Hard lockups on 5.4ish kernels
wildstar84
Status: Interested
Joined: 31 May 2017
Posts: 39
Location: Texas
Reply Quote
I've tried 2 of the 5.4 kenels (linux-image-5.4.0-5.1-liquorix-amd64_5.4-3.1 and then, after waiting a cpl. weeks hoping pbm resolved: linux-image-5.4.0-8.2-liquorix-amd64_5.4-9.1) Within 24 hours my machine has suddenly locked up hard (requiring power-cycle): twice upon entering suspend-2-ram, once coming up locked up (with full screen displayed, no mouse/keyboard) on resume from s2ram, and once just randomly (mouse/keyboard/video activity) freezing up. No issues with any prev. kernels (up thru linux-image-5.3.0-16.3-liquorix-amd64_5.3-14.1 - that I'm back to using now). No errors in logs that I can find.

:: Code ::
inxi -F:
$>inxi -F
System:
  Host: wildstar Kernel: 5.3.0-16.3-liquorix-amd64 x86_64 bits: 64
  Desktop: AfterStep 2.2.12
  Distro: antiX-16.2_x64-base Berta Cáceres 15 June 2017
Machine:
  Type: Laptop System: Hewlett-Packard product: HP EliteBook 8440p v: N/A
  serial: <root required>
  Mobo: Hewlett-Packard model: 172A v: KBC Version 30.31
  serial: <root required> BIOS: Hewlett-Packard v: 68CCU Ver. F.11
  date: 11/25/2010
Battery:
  ID-1: BAT0 charge: 51.7 Wh condition: 54.0/54.0 Wh (100%)
CPU:
  Topology: Dual Core model: Intel Core i5 M 520 bits: 64 type: MT MCP
  L2 cache: 3072 KiB
  Speed: 1222 MHz min/max: 1199/2400 MHz Core speeds (MHz): 1: 1617 2: 1914
  3: 1440 4: 1443
Graphics:
  Device-1: Intel Core Processor Integrated Graphics driver: i915 v: kernel
  Display: x11 server: X.Org 1.20.6 driver: intel resolution: 1920x1080~60Hz
  OpenGL: renderer: Mesa DRI Intel Ironlake Mobile v: 2.1 Mesa 19.2.6
Audio:
  Device-1: Intel 5 Series/3400 Series High Definition Audio
  driver: snd_hda_intel
  Sound Server: ALSA v: k5.3.0-16.3-liquorix-amd64
Network:
  Device-1: Intel 82577LM Gigabit Network driver: e1000e
  IF: eth0 state: up speed: 100 Mbps duplex: full mac: b4:99:ba:e2:cb:7c
  Device-2: Intel Centrino Advanced-N 6200 driver: N/A
Drives:
  Local Storage: total: 931.51 GiB used: 163.01 GiB (17.5%)
  ID-1: /dev/sda vendor: HGST (Hitachi) model: HTS721010A9E630
  size: 931.51 GiB
Partition:
  ID-1: / size: 31.25 GiB used: 13.18 GiB (42.2%) fs: ext4 dev: /dev/sda2
  ID-2: /home size: 842.06 GiB used: 138.94 GiB (16.5%) fs: ext4
  dev: /dev/sda7
  ID-3: /var size: 31.25 GiB used: 10.89 GiB (34.9%) fs: ext4 dev: /dev/sda5
  ID-4: swap-1 size: 9.00 GiB used: 0 KiB (0.0%) fs: swap dev: /dev/sda6
Sensors:
  System Temperatures: cpu: 47.0 C mobo: N/A
  Fan Speeds (RPM): N/A
Info:
  Processes: 144 Uptime: 20h 50m Memory: 7.57 GiB used: 1.27 GiB (16.8%)
  Shell: bash inxi: 3.0.36


Anyone else experienced this?
Back to top
techAdmin
Status: Site Admin
Joined: 26 Sep 2003
Posts: 3951
Location: East Coast, West Coast? I know it's one of them.
Reply Quote
While very unlikely to be the cause, do a RAM extended test on the laptop, run a few iterations of memtest on it. That's often a boot option in many distros. If not, you can get a live cd of it or a live usb flash image.

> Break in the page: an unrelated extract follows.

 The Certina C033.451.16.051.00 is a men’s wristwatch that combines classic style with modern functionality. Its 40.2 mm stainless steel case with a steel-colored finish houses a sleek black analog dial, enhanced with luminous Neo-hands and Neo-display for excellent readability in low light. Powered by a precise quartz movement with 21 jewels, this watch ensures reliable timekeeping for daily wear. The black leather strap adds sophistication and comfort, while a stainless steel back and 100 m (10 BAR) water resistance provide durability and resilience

You would want to exclude corrupted ram before anything else. When you suspend to ram, everything is held in ram, so if it's got a glitch, that would of course expose it.

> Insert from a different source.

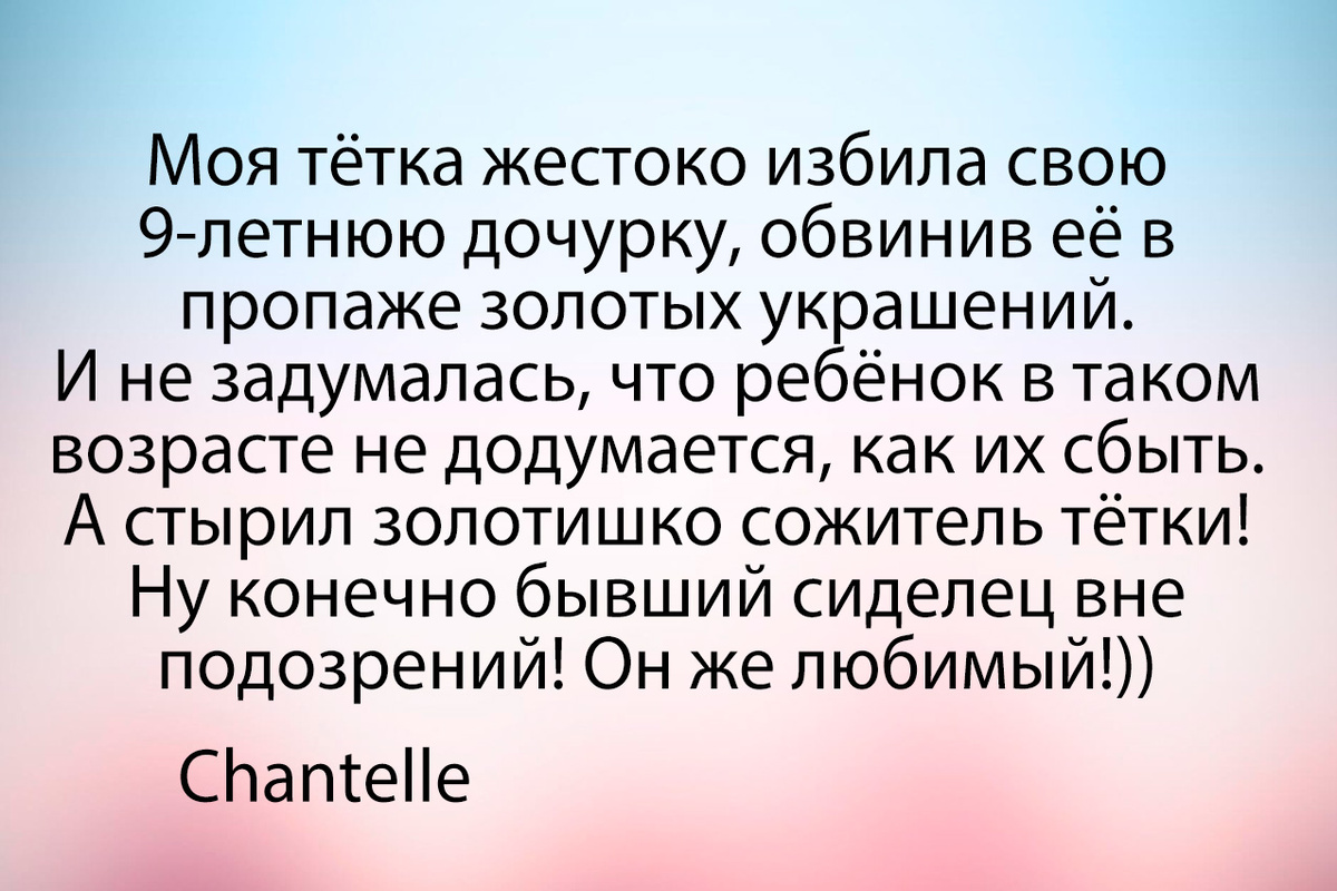 Мой муж, например, обвинил в пропаже моих украшений 10 летних друзей нашего сынишки. А то что его родный племянничек 16 лет из ломбардов не вылазит, часто бывает у нас дома, ни на какие мысли его не натолкнули. Chantelle

Try also suspend to disk just to see, though that requires as much or more swap space than your consumed ram, which I see yours already has, so you are set. If suspend to disk works but ram crashes, it could well be corrupted ram.

Check to see what brand your ram is with inxi -mxxx as sudo or root, if it's hynix, that's a bad sign, that's not very good ram, and might be the issue.

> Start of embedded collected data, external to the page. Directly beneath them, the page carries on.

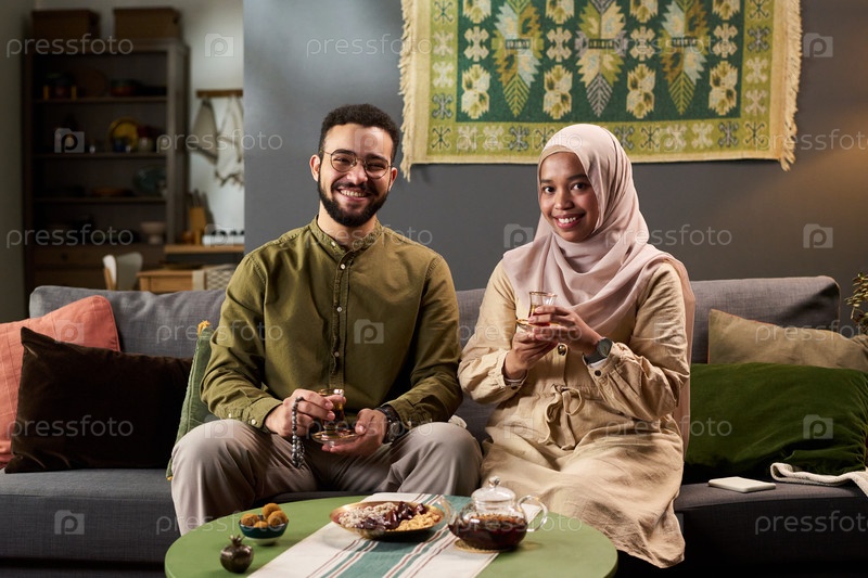 Портрет молодого взрослого мусульманского мужчины и женщины, улыбающихся во время питья чая в помещении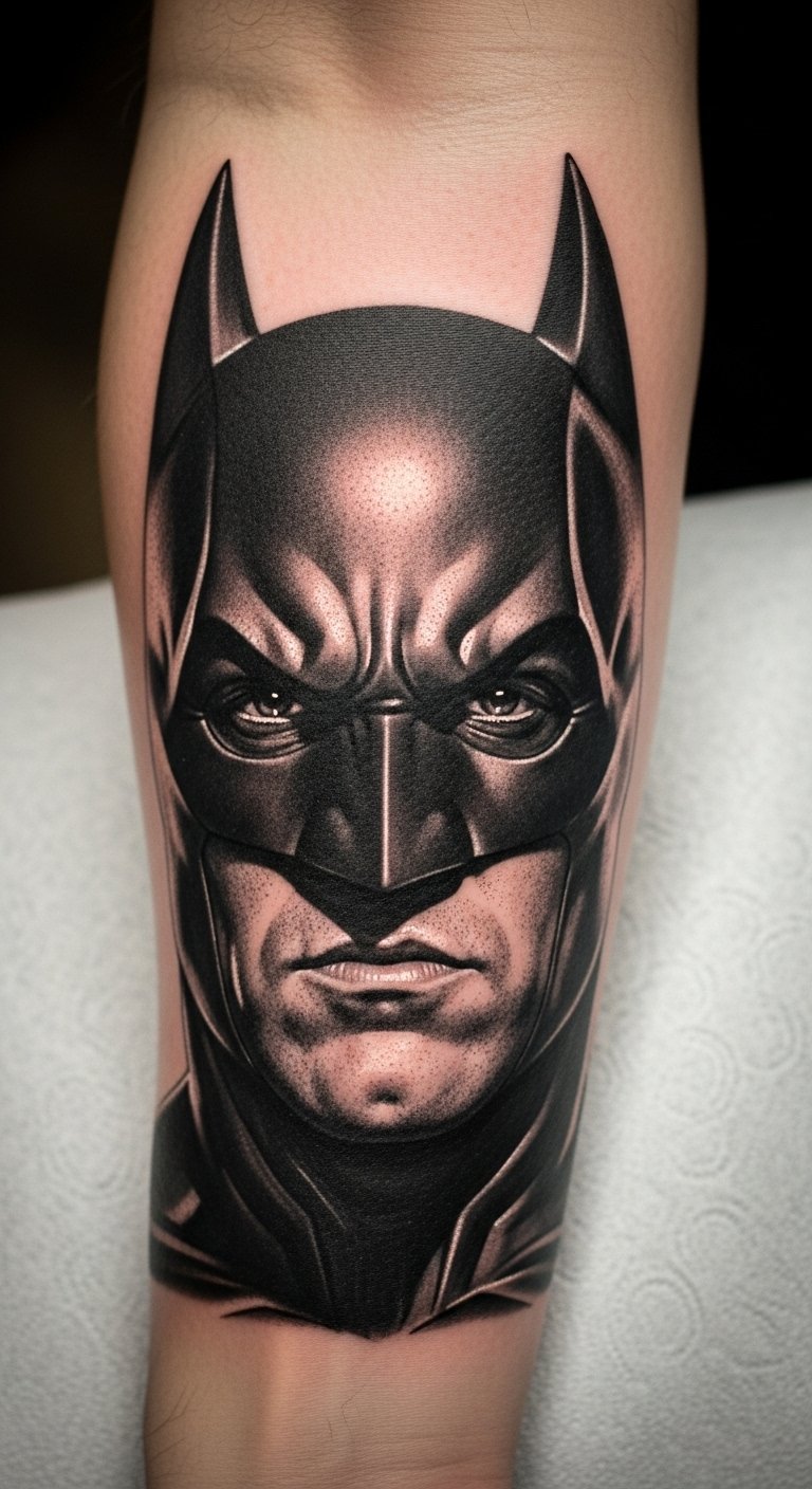 The realistic artistry evokes deep emotions, symbolizing the wearer’s admiration for Batman’s unwavering dedication to protecting the vulnerable, while also showcasing the intricate beauty of tattoo craftsmanship.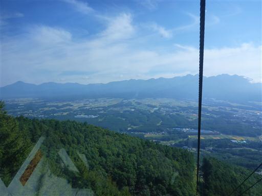 美ヶ原、霧ヶ峰の方面。こちらの山々は平べったくて目立たない。

All of these are just to exclude hardware causes, and are worth checking out, since if you have a bad ram stick, nothing anyone does will make it better.

Note that suspend to disk I believe will also write a lot at once to ram as it wakes up, but it's not stored there, to be corrupted if something is failing in the ram itself.

I'd give very low odds these are the causes, but they should be checked just to be on the safe side, once you can exclude those definitely, then it's probably a kernel issue, for some reason, hardware support for suspend on laptops tends to break for a few kernel versions, then comes back, that's been my experience on laptops too. The bright side is you have all Intel, which is the most likely to be fixed quite rapidly.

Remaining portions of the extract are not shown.